NEW YORK, March 12 (Reuters) - U.S. crude oil fell by more than 2 percent on Wednesday, its biggest drop in two months, after the United States announced unexpected plans for a test release of strategic oil reserves while weekly data showed a big rise in crude stockpiles.
European benchmark Brent prices slipped modestly, widening the closely watched Brent/WTI spread for a third day, but the main focus was on the U.S. contract after a double dose of bearish supply news.
The U.S. Department of Energy surprised markets by announcing plans to sell up to 5 million barrels of crude oil from the Strategic Petroleum Reserves (SPR) to test the capabilities of the nation's emergency stockpile.
U.S. Energy Information Administration (EIA) data showed overall crude stocks in the world's largest oil consumer rose by 6.2 million barrels in the week to March 7, nearly triple expectations, as more refiners shut for seasonal work at the peak of the spring maintenance season.
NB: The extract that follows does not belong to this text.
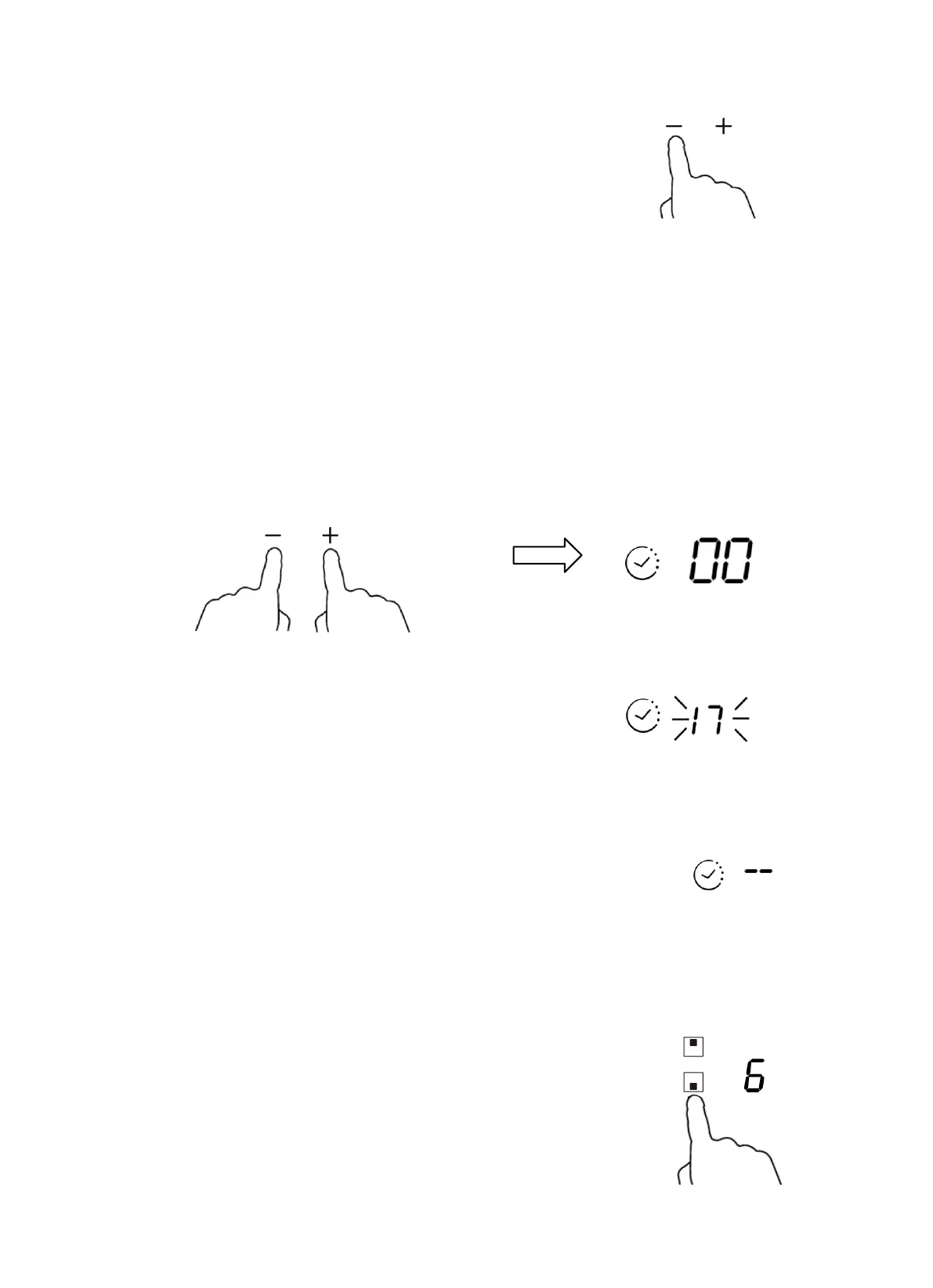 Toque “-” y “+” a la vez para cancelar el temporizador y que aparezca “00” en el

"We are heading lower on this (EIA) report and the SPR release," said Matt Smith, analyst at Schneider Electric in Louisville, Kentucky. "It's only 5 million barrels, but any further supply coming to the market is going to have a bearish impact."
Brent crude fell as well, though not by as much, with support from geopolitical risk in Libyaand signs the European Union may impose tougher sanctions on Russia.
U.S. crude settled $2.04 lower at $97.99 a barrel, below the 50-day moving average of $98.32 by midday.